# Portland OR Lucky Lab ride in November



## adventurepdx (Oct 18, 2015)

Hey all, if memory serves me right, the monthly Portland ride from Lucky Lab North is the 2nd Sunday of the month. So that means the next one will be on Sunday November 8th, right?

If so, I might be able to finally make one!


----------



## Boris (Oct 20, 2015)

Yes, it will be on the 8th of November. However, we'll be meeting up at The Lucky Lab on NW 19th and Quimby again starting in November. Hope you can make it. IF the weather is still nice, we talked about extending the ride to Oaks Park. Hope you can make it.


----------



## adventurepdx (Oct 20, 2015)

Thanks for the info! Will try to make it. Any reason why you're going back to the NW Lucky Lab?


----------



## Boris (Oct 20, 2015)

In my opinion, some folks preferred the old location and liked the ride down to the river as well as the availability of indoor bike parking.


----------



## silvertonguedevil (Oct 20, 2015)

Also seemed like there was more space for the bikes and us assembling there with them. The new location had us sharing the sidewalk with foot traffic.


----------



## Tim the Skid (Oct 21, 2015)

what time do you meet on sunday?


----------



## adventurepdx (Oct 21, 2015)

Dave Marko said:


> In my opinion, some folks preferred the old location and liked the ride down to the river as well as the availability of indoor bike parking.

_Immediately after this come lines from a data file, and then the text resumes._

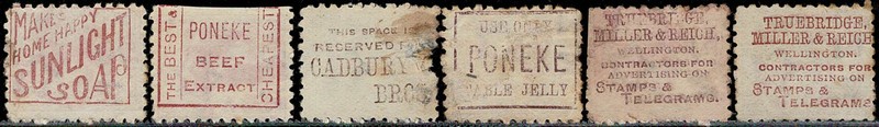 NOVA ZELÂNDIA ◉ PROPAGANDA IMPRESSA ATRÁS – Lote com 6 selos, com 5 diferentes propagandas impressas atrás dos selos clássicos. Qualidade mista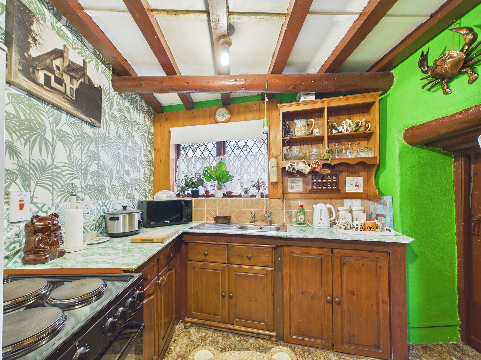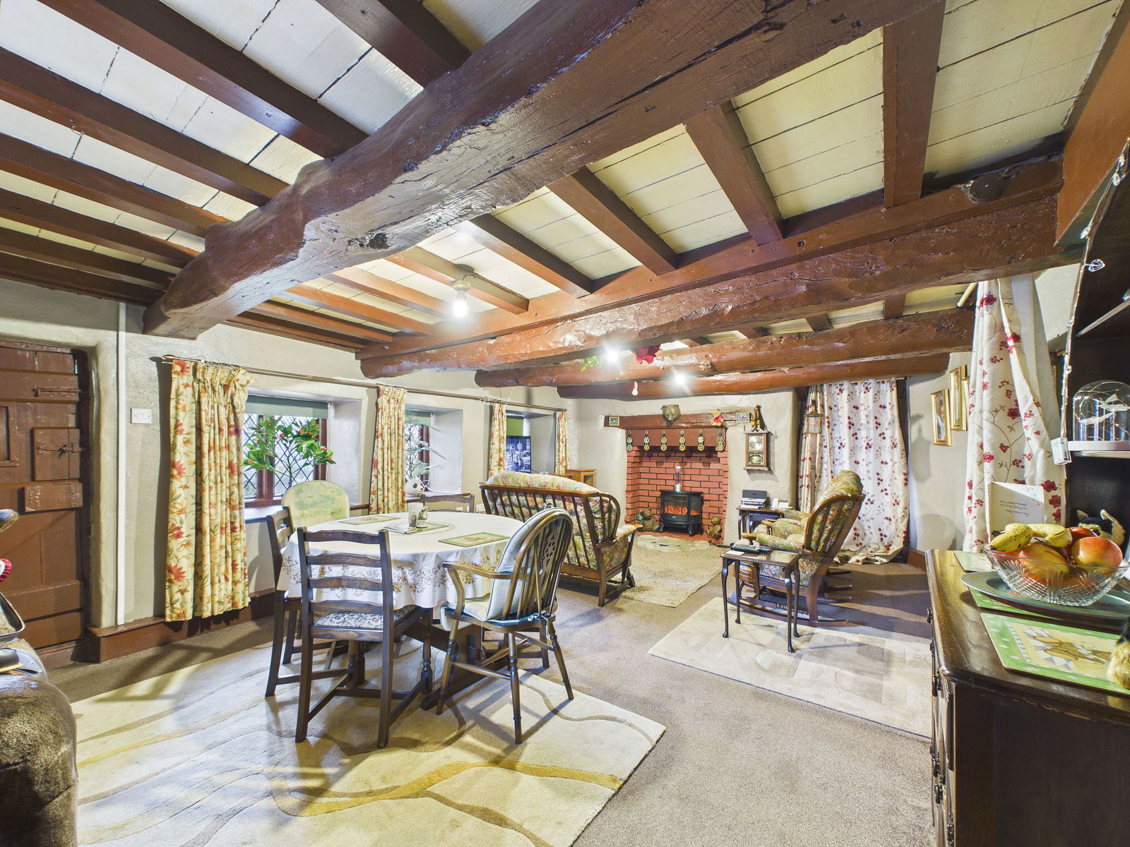 LOUNGE / DINING ROOM A wonderfully spacious lounge and dining area, perfectly suited to both relaxing and entertaining. The room is rich in period charm with wooden ceiling beams and double aspect windows. Additional features include TV, internet and telephone points, along with a sliding door leading to a useful storage area. An electric heater, while an original door leads through to the kitchen.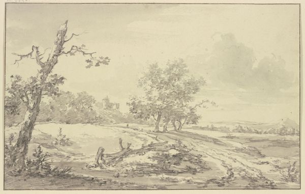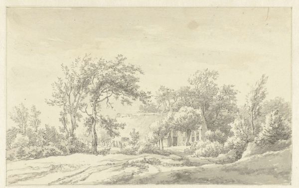 Curator: Jan Wijnants crafted this pastoral scene using chalk, graphite, and ink. The artwork, presently housed in the Städel Museum, goes by the title "Kapelle und ein Bauernhaus unter Bäumen, dabei einiges Vieh, rechts am Rande zwei Hirten." Editor: It feels like looking at a fading memory. The tones are subdued, almost monochromatic. A lone chapel on the left, contrasted by the larger farmhouse nestled amongst the trees – there’s a simplicity here, but also a strong sense of place. Curator: Consider Wijnants' approach. The texture is palpable, rendered with visible strokes of graphite and ink that delineate the material world around the village structures. Think of the physical act of surveying this landscape, selecting his materials, rendering this world under particular economic conditions of patronage... Editor: Right. This wasn’t a scene of neutrality. Even landscape is coded, carrying hierarchies within. The inclusion of the chapel alongside the farmhouse signals a community rooted in both labor and spiritual practice. Where does the control lie for the landscape – with the grazing livestock or God? Curator: Good point, the choice and handling of materials offer valuable insight. Chalk for subtle gradations, ink for delineating details - Wijnants seems to draw a hierarchy. Editor: These pastoral images also offered solace amidst upheaval. Seventeenth-century Dutch society was changing – we can question what these tranquil village scenes affirmed for their buyers and contemporary audience. Curator: Precisely! The method is so important. His technical skill translated nature itself into a commodity, to be traded and displayed, reinforcing human dominance of natural world, as material to build both home and art. Editor: There’s a quiet dignity in this sketch; this is something special and of its time. Considering issues such as human labour of livestock, the way that this period influenced art can provide great context for modern culture. Curator: Definitely. Understanding the socio-economic factors which birthed this landscape, combined with material understanding makes appreciating its cultural relevance so rewarding! Editor: Absolutely. A valuable lens into how art interprets the world we create – then, and now.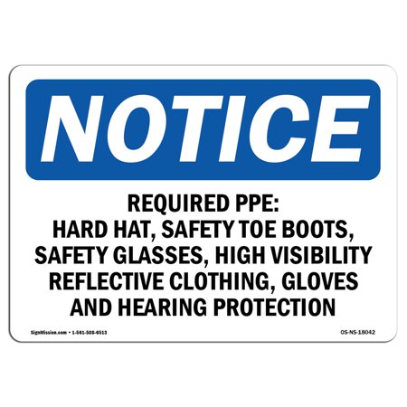 OSHA Notice Sign, Required PPE Hard Hat Safety Toe Boots, 5in X 3.5in Decal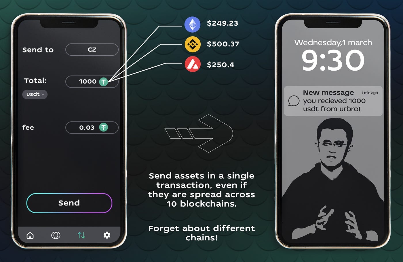 ⚡️ Send an asset in two clicks, even if it’s distributed across 10 blockchains. Forget about different chains!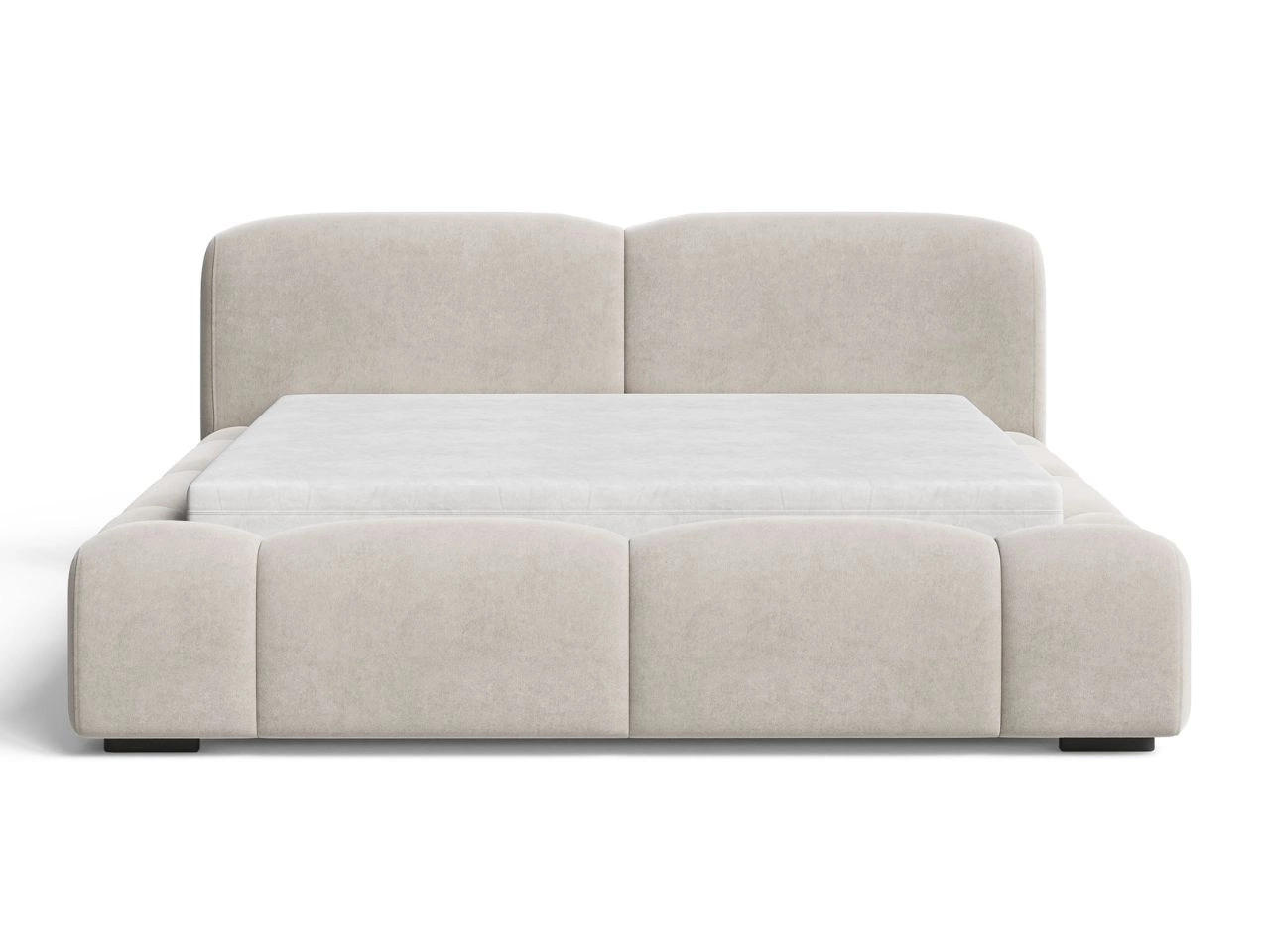 Polsterbett Aubi ist ein modernes Möbelstück mit skulpturaler Form, das sich durch seine leicht abgerundete Silhouette und die massive Basis auszeichnet. Die weichen Seitenelemente sowie das minimalistische, zweiteilige Kopfteil fügen sich harmonisch in elegante, zeitgemäße Innenräume ein.
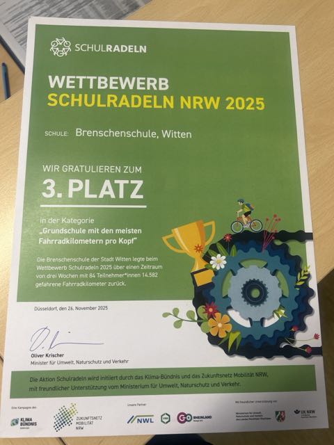 Wir freuen uns sehr, mitteilen zu können, dass die Brenschenschule beim diesjährigen Schulradeln NRW 2025 einen großartigen Erfolg erzielt hat.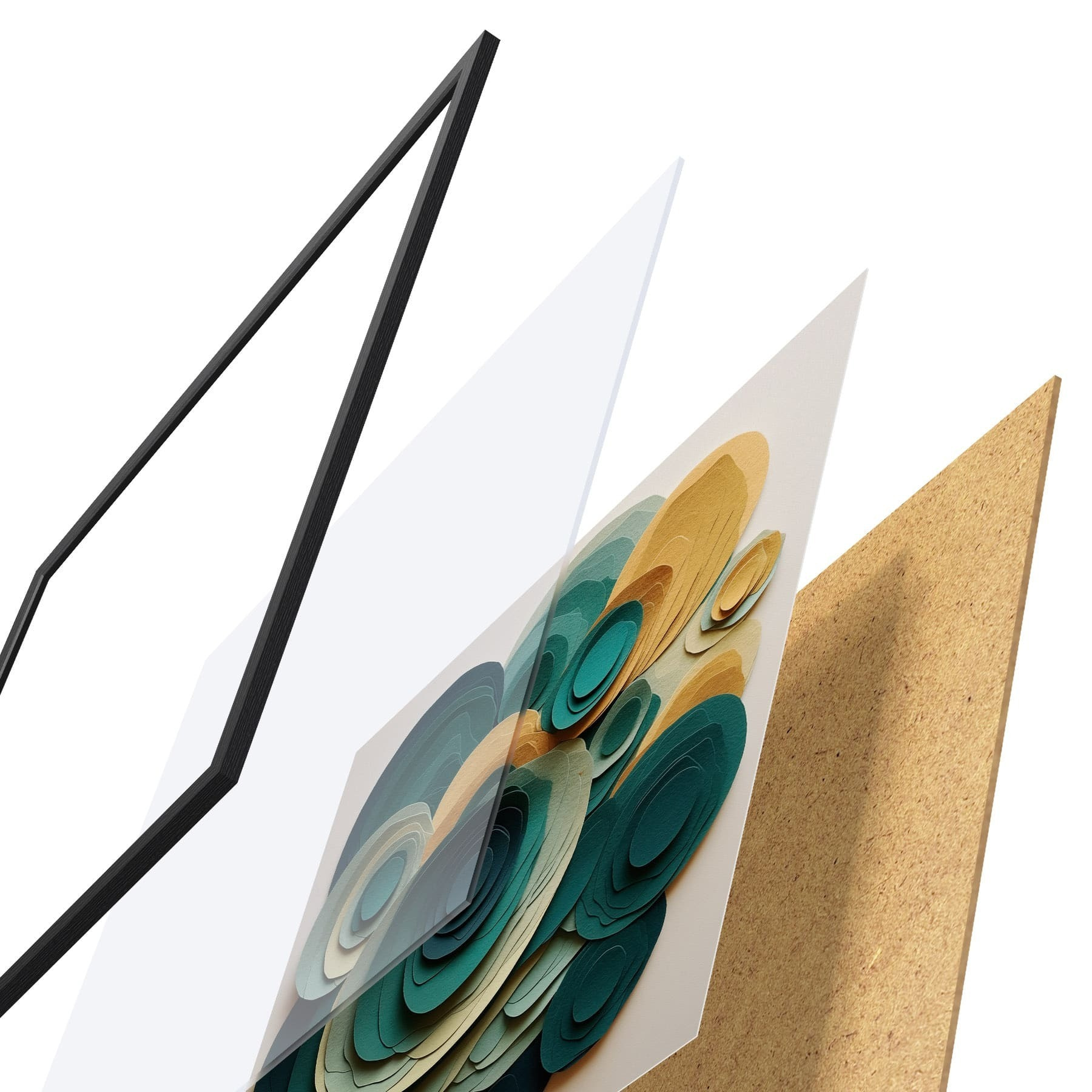 De poster bestaat uit een frame, plexiglas, geprinte afbeelding en spaanplaat achterkant. De poster kan meteen aan de muur worden gehangen dankzij de bevestigingen op de achterkant.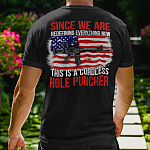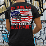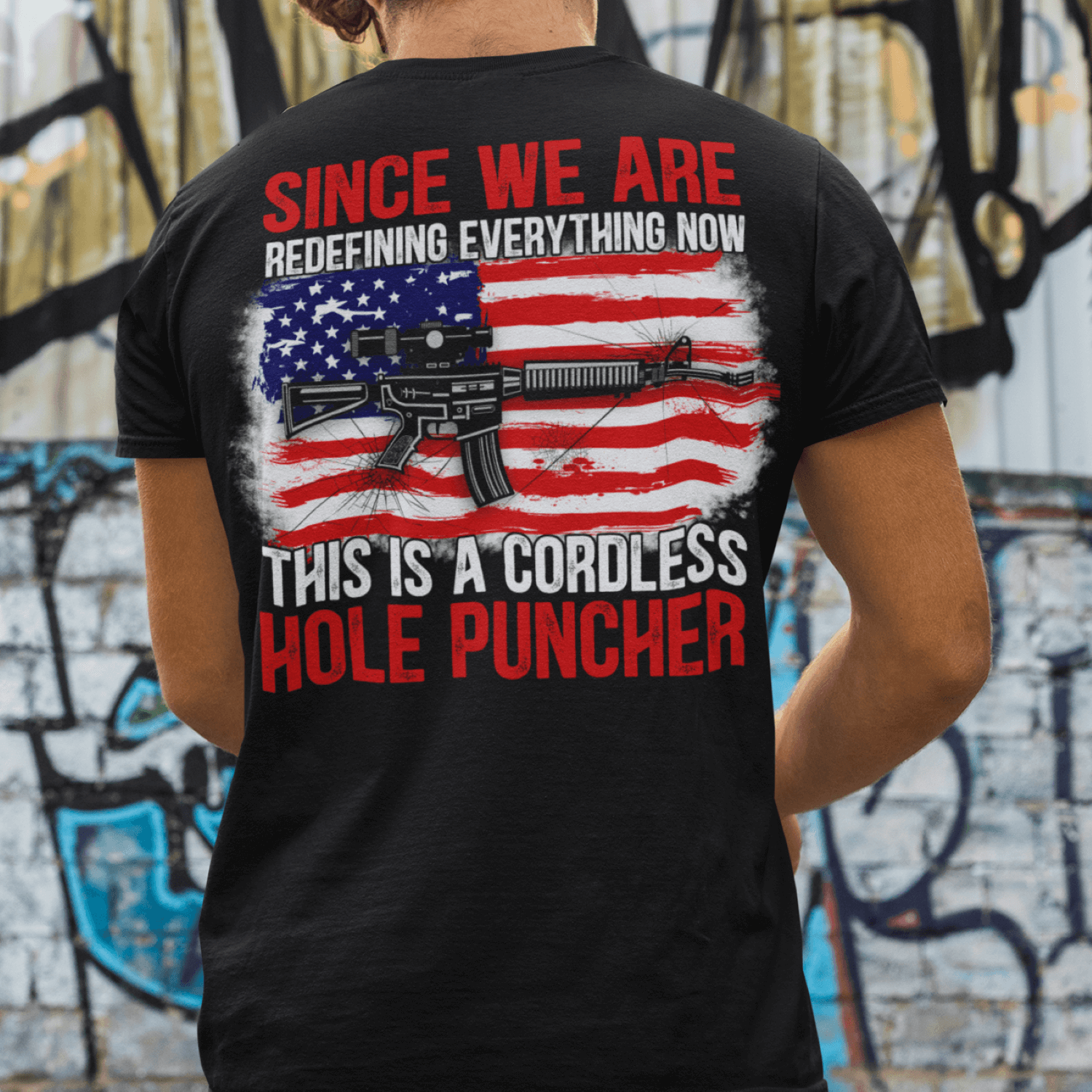 Since We Are Redefining Everything Now This Is A Cordless Hole Puncher Funny Gun American Flag Print On Back T-Shirt
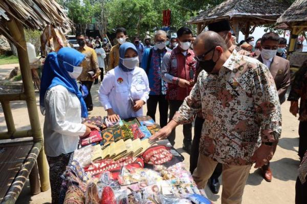 Ketua DPD AA LaNyalla Mahmud Mattalitti saat mendatangi pameran produk UMKM di perhelatan launching Program Desa Emas, di Pantai Mutun Kabupaten Pesawaran, Lampung, 4 September 2021 lalu. (Foto: Humas DPD RI)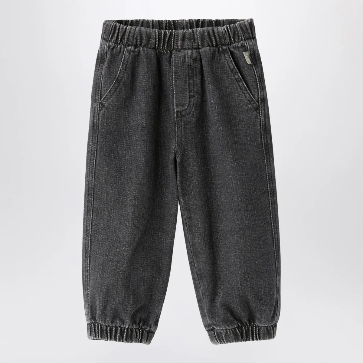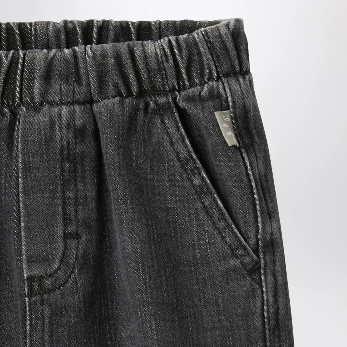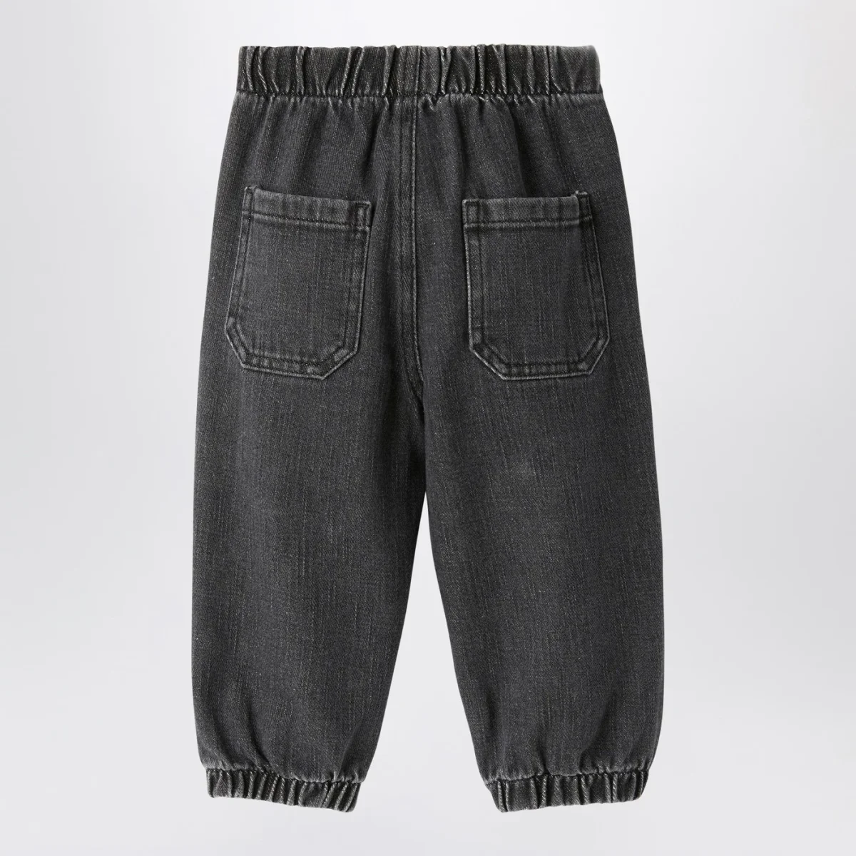 Jeans de Il Gufo in denim di cotone nero slavato, caratterizzato da vita elasticizzata, due tasche a filetto laterali con patch logo, due tasche sul retro e caviglie elasticizzate.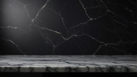 Marble kitchen empty luxury countertop in black, soft focus. Scene showcase template for promotional items, banner. Modern kitchen design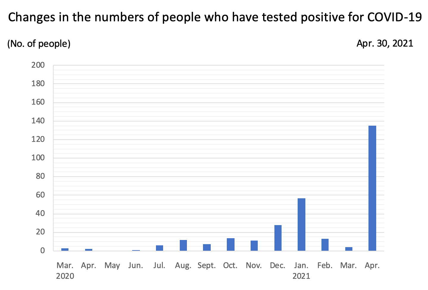 Number of people reported to have tested positive as of the end of April, 2021 (cumulative total)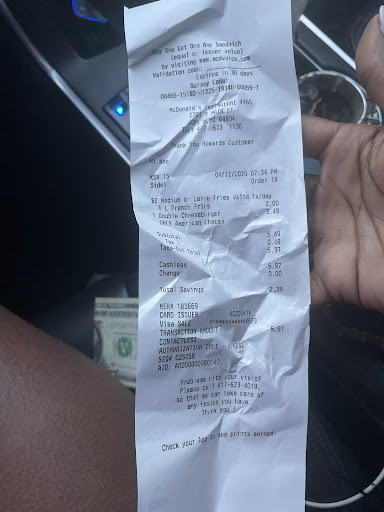 We ordered two meals here tonight, January 28, 2025. A Crispy Chicken sandwich with a large fry, which was $8, something the 2nd meal was a Double Quarter Pounder, with a large fry and it was $7 something. We waited a hot minute in line for this small amount of food with barely any cars in front of us.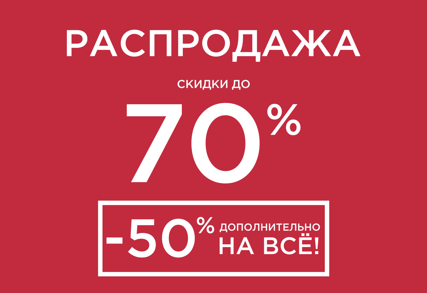 РАСПРОДАЖА + ДОПОЛНИТЕЛЬНАЯ СКИДКА!Время выгодного шопинга, тем более сейчас, когда в магазинах помимо распродажи до 70% действует дополнительная скидка 50% на ВЕСЬ ассортимент мужской и женской коллекции. Быстрее за покупками! Ждем вас в магазинах Network!Адреса магазинов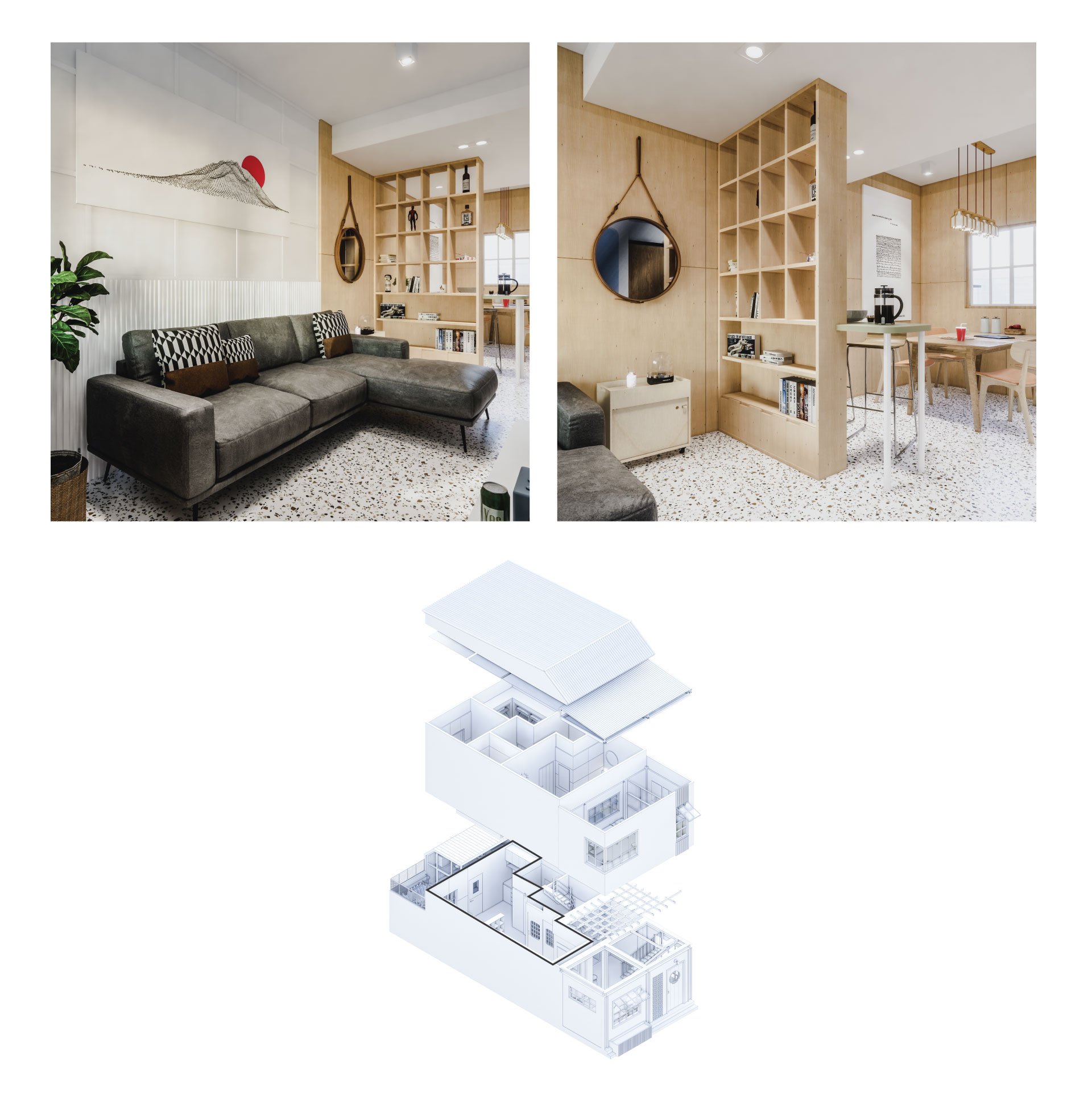 ต่อเนื่องจากส่วนต่อเติมหน้าบ้าน โซนนี้เป็นโซนห้องนั่งเล่น จะมีความ Private Zone เป็นพื้นที่สำหรับกิจกรรมในครอบครัว จะมีโซฟานอนดูทีวี เล่นเกมส์ โซนตู้วางของสะสม ซึ่งจะเชื่อมกับห้องทานอาหาร มีโต๊ะทานอาหาร บาร์เตรียมอาหาร และตู้เย็น และห้องน้ำ

Hey! It's a great ride down to the river from Lucky Lab North!
(The ride up, however...)


----------



## Boris (Oct 21, 2015)

We meet at 12:30. Hang around for about an hour, then do a ride, and come back for another beer. If the weather's nice.


----------



## adventurepdx (Oct 21, 2015)

Dave Marko said:


> We meet at 12:30. Hang around for about an hour, then do a ride, and come back for another beer. If the weather's nice.




And if the weather's *NOT* nice...


----------



## Boris (Oct 21, 2015)

adventurepdx said:


> And if the weather's *NOT* nice...




We sit around and drink beer, then start fights with those wimpy fountain pen collectors.


----------



## BWbiker (Oct 30, 2015)

silvertonguedevil said:


> Also seemed like there was more space for the bikes and us assembling there with them. The new location had us sharing the sidewalk with foot traffic.



 NW  has on and also off street covered parking. Never been told at NW that they weren't planning on making any more pizza either! Gotta have that


----------



## Boris (Nov 4, 2015)

Well, the early forecast looks like rain on Sunday. Guess we'll be picking fights with the fountain pen collectors instead of riding. Will the Seaside chapter still be represented if it rains?


----------



## silvertonguedevil (Nov 4, 2015)

Why? Does somebody need a set of handlebars? Lmao


----------



## Boris (Nov 4, 2015)

Handlebars? What handlebars? I was just going to tell you to drive safely if you're coming.


----------



## silvertonguedevil (Nov 5, 2015)

Oh ok. Thank you. I'll drive safely.


----------



## silvertonguedevil (Nov 5, 2015)

I _might_ have some handlebars with me too....


----------



## Boris (Nov 5, 2015)

Well now that would certainly be a coincidence, as I suddenly find myself in need of a set.


----------



## adventurepdx (Nov 5, 2015)

Looks like I'll be there with my not-really vintage Schwinn Heavy Duti, and klunkerized a bit as well. It's the _spirit_ that counts, right?

And the forecast is 70% showers, vs. the 100% rain forecasted for Saturday. So we may have a window for a ride.


----------



## Boris (Nov 5, 2015)

adventurepdx said:


> Looks like I'll be there with my not-really vintage Schwinn Heavy Duti, and klunkerized a bit as well. It's the _spirit_ that counts, right?
> 
> And the forecast is 70% showers, vs. the 100% rain forecasted for Saturday. So we may have a window for a ride.




Heavy Duty klunker sounds good. And yes, it is the spirit!


----------



## vincev (Nov 5, 2015)

Dave Marko said:


> Well now that would certainly be a coincidence, as I suddenly find myself in need of a set.




Do they have to be a matching set?


----------



## Boris (Nov 5, 2015)

vincev said:


> Do they have to be a matching set?




I was going to touch on that point in my previous post, but thought it might be too lame of a question to ask, but since you opened that door... Why would they be called a set or a pair of handlebars, if there really is only one?


----------



## adventurepdx (Nov 8, 2015)

Well, after all this, I'm not going to make it. I picked up a cold over the weekend, and have been laying low. Have fun, folks.


----------



## vincev (Nov 8, 2015)

Dave Marko said:


> I was going to touch on that point in my previous post, but thought it might be too lame of a question to ask, but since you opened that door... Why would they be called a set or a pair of handlebars, if there really is only one?




Dave,I believe it is called a handlebar not a handlebars. Please shut that door.


----------



## Boris (Nov 8, 2015)

You opened it, you shut it. I'm not your slave.


----------